WHAT THE TASK ASKS >> Here is the task for the listing below: output exactly the lines from the one containing "XL★古着 半袖 Tシャツ" through the one containing "2. 割り当ての追加ページで", and leave out the pictures.

LISTED ENTRIES >>
╔══
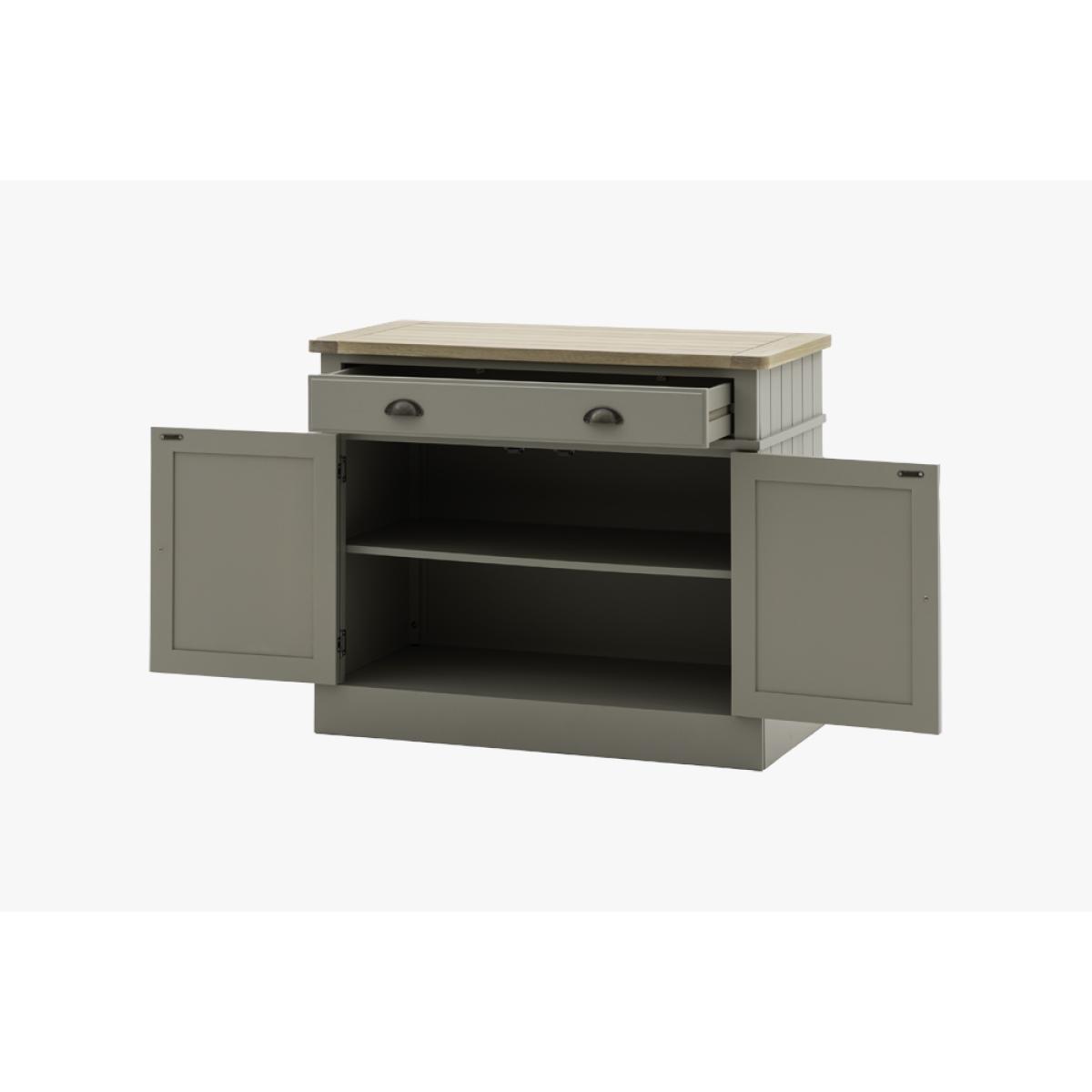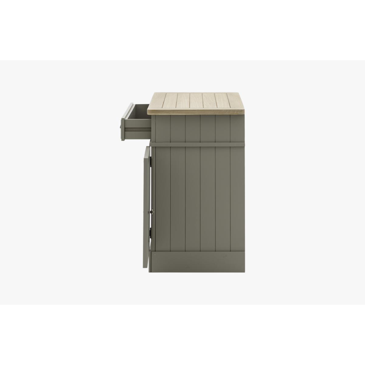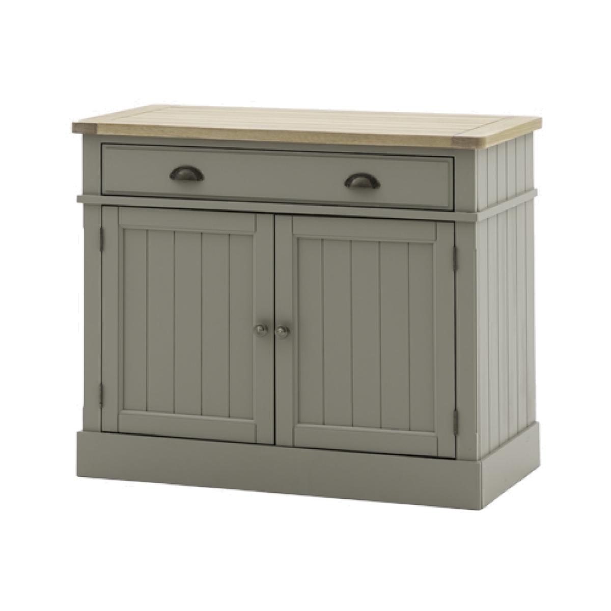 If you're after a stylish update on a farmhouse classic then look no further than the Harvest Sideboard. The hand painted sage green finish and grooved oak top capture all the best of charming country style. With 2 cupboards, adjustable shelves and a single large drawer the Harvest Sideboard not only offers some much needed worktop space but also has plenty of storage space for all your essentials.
╚══
╔══
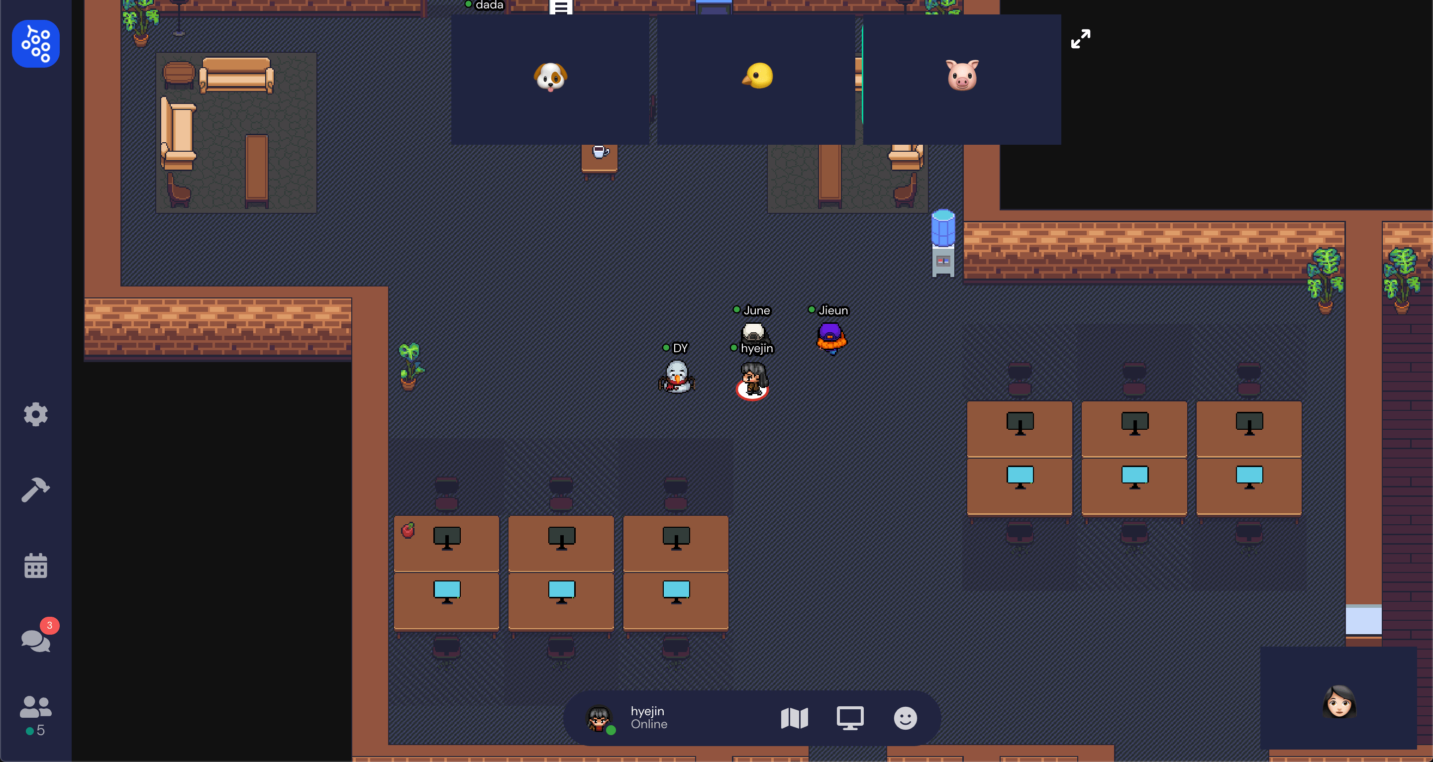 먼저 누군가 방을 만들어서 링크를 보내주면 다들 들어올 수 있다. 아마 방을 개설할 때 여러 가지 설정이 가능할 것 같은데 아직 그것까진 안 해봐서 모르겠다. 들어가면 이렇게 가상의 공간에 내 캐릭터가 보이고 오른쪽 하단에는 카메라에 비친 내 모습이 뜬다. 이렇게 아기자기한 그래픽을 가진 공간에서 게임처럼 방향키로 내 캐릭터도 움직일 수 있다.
╚══
╔══
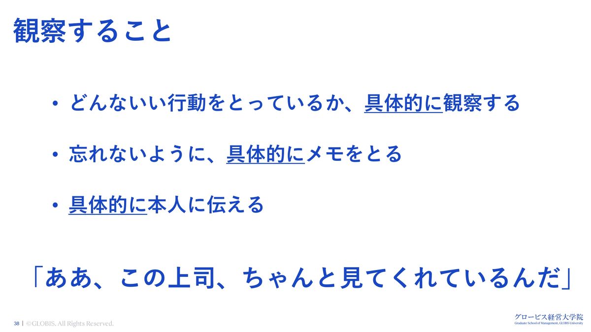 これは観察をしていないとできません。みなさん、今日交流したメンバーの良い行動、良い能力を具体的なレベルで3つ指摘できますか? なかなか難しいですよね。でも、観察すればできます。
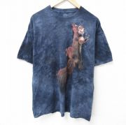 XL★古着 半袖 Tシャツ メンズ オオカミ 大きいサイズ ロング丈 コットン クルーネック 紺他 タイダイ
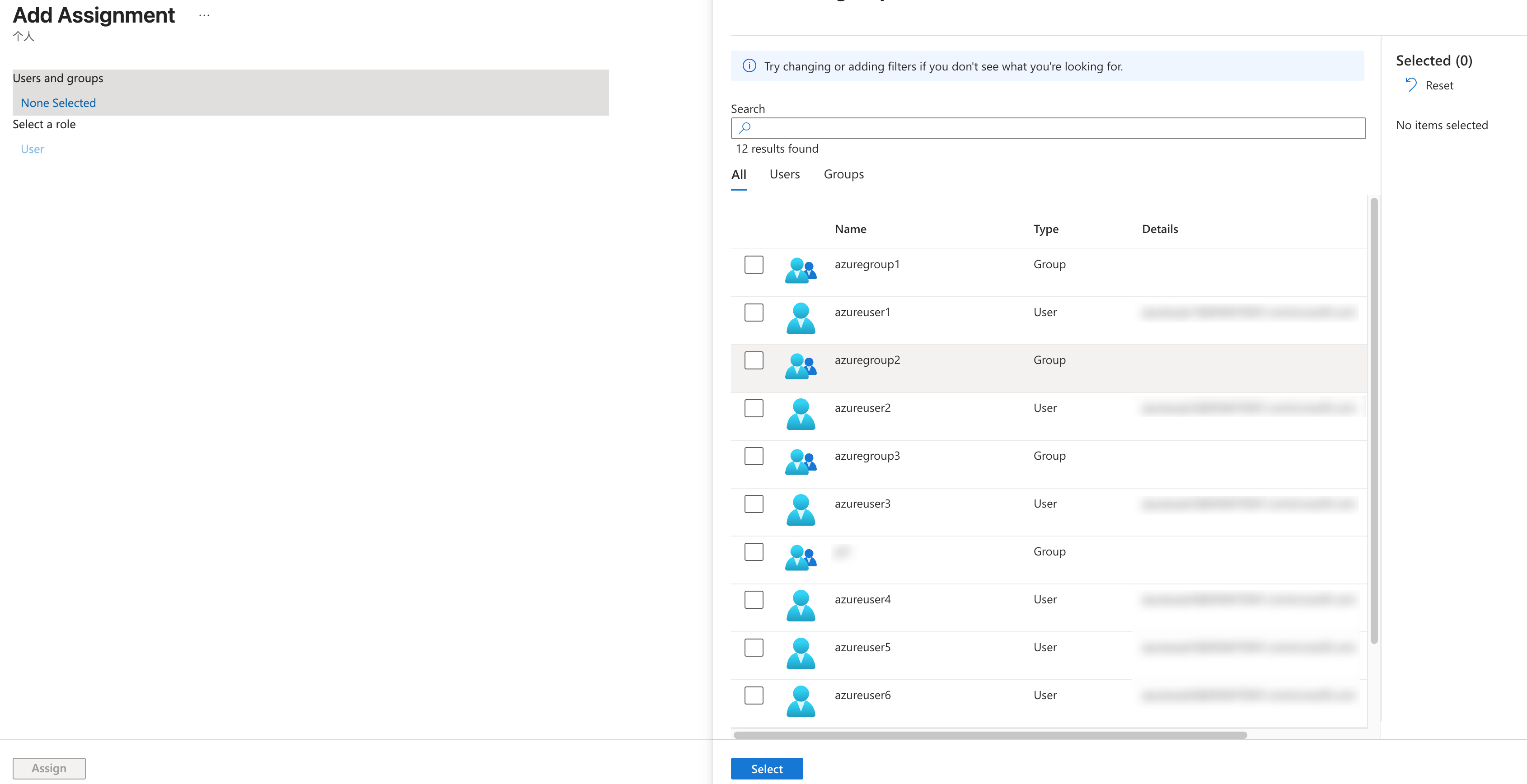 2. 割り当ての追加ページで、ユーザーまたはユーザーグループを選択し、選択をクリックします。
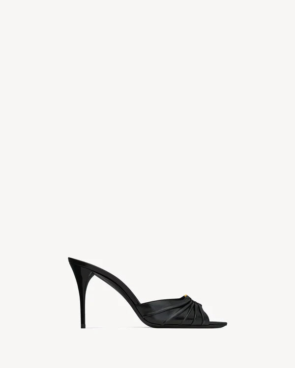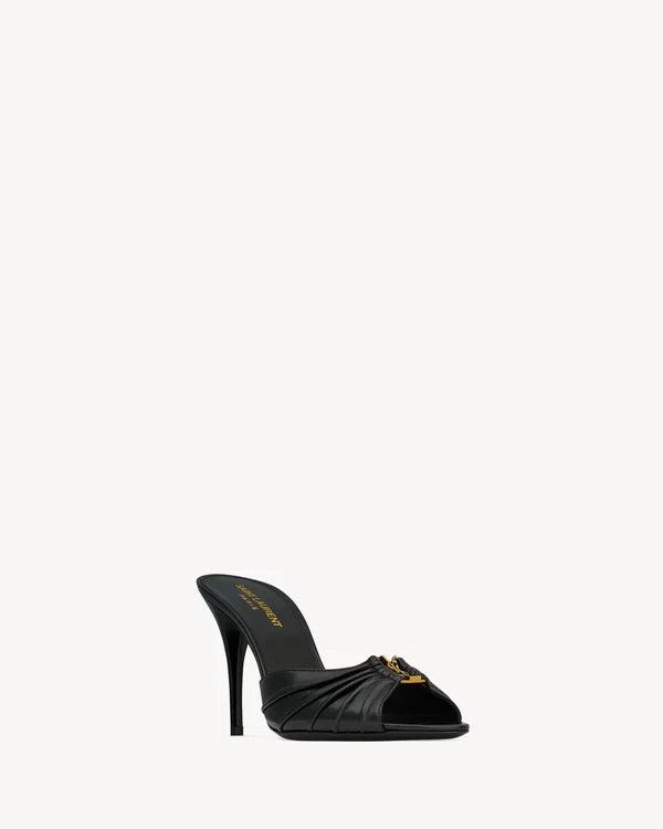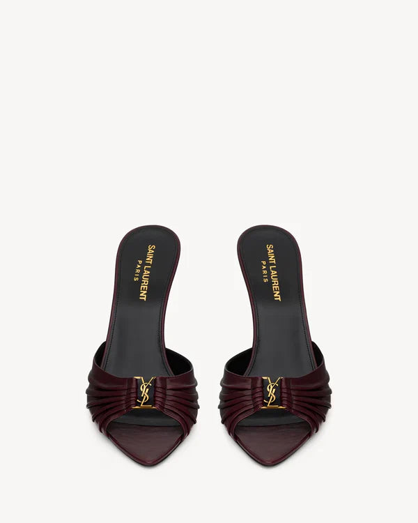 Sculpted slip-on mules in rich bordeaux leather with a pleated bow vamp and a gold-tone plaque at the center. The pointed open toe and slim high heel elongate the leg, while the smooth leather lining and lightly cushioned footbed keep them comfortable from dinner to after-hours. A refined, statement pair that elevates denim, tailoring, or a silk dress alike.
╚══
OUTPUT OF THE EXERCISE >>
 XL★古着 半袖 Tシャツ メンズ オオカミ 大きいサイズ ロング丈 コットン クルーネック 紺他 タイダイ
 2. 割り当ての追加ページで、ユーザーまたはユーザーグループを選択し、選択をクリックします。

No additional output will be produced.